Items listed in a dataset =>
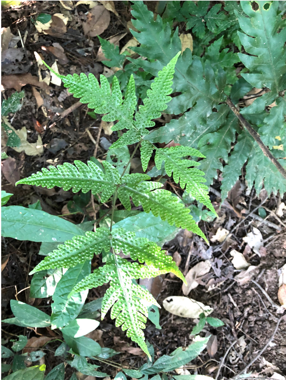
Fern with spores.
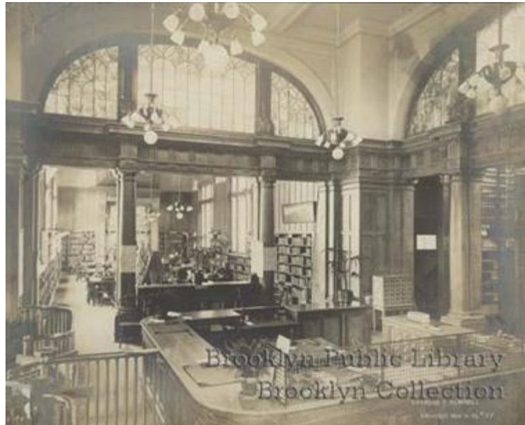
This is the Park Slope branch library mezzanine reading space for children. Note the fully restored original Tiffany stained glass sky light window.
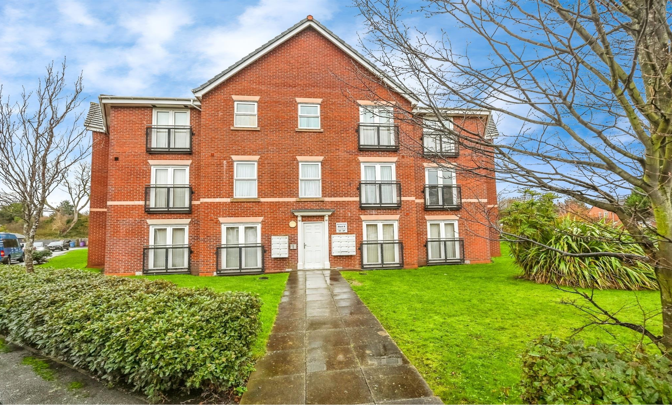
Mystery Close, Liverpool L15 0AB
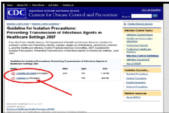
Figure 1. The Guideline for Isolation Precautions document is posted on the CDC website. Appendix A is provided as a stand-alone excerpt (circled).

The CDC also has published the entire isolation guideline on its website. The matrix of infectious diseases and their precautions are contained within Appendix A of the lengthy guideline, but Appendix A has also been posted as a stand-alone document for convenience of use. See Figure 1.
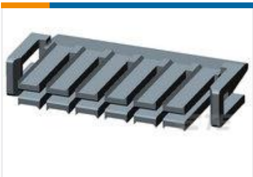
TE Part #2-1969541-8 RETAINER, TPA, DUAL ROW, EP2.5
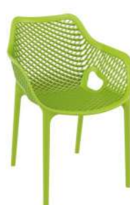
Rowner Arm Chair Tropical Green
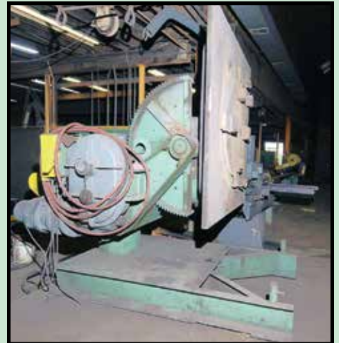
CULLEN FRIESTADT 14,000-LB. CAP. WELDING POSITIONER
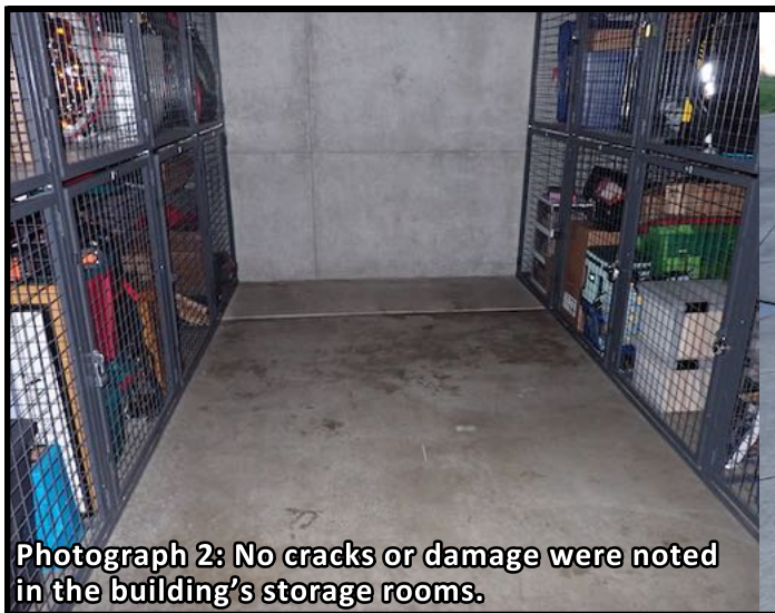
Photograph 2: No cracks or damage were noted in the building's storage rooms.
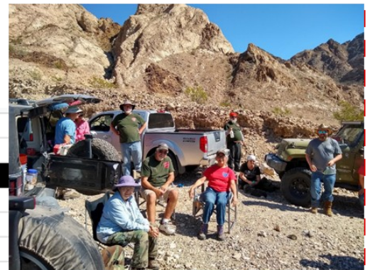
Anaheim Searchers 2019-2020 Field Trip Schedule

and campfire and on Sunday, after a blustery night, we tried another spot for those pesky garnets, this time with some success! The climate, the views and the experience of being outdoors is almost as wonderful as finding special material that's thousands – if not millions – of years old. We broke camp after lunch and left for home.
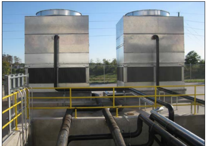
Cooling Towers for below grade system
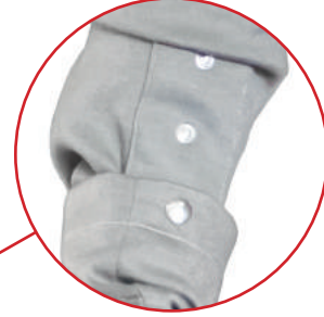
Sleeve & Glove design ensure proper bond between worker and the entire suit.
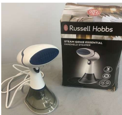
53. V - RUSSELL HOBBS HANDHELD STEAMER 1600W MODEL 25591
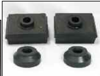
Motor Mounts New Tooling as Original BR000
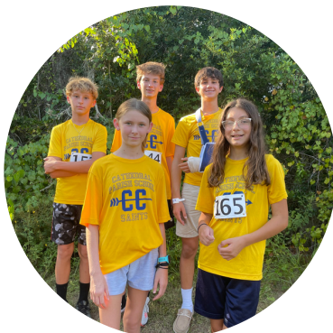
We enjoyed cheering on our Cross Country team at their first meet!

This Wednesday in Mass, we talked about how Jesus frequently went off by Himself to pray with God. On Friday, the 1st - 8th graders spent time in Adoration, experiencing sacred silence and learning how to listen to Jesus speaking within our thoughts and feelings. As parents, we are the first and most important teachers of the faith to our children. May we all lead by example by make daily quiet time with God a priority in our lives.

What to produce => Write out the lines of the entries above exactly, beginning with the first and ending with the line that contains "Figure 1. The". No picture goes in.

Response to this task =>
Fern with spores.
This is the Park Slope branch library mezzanine reading space for children. Note the fully restored original Tiffany stained glass sky light window.
Mystery Close, Liverpool L15 0AB
Figure 1. The Guideline for Isolation Precautions document is posted on the CDC website. Appendix A is provided as a stand-alone excerpt (circled).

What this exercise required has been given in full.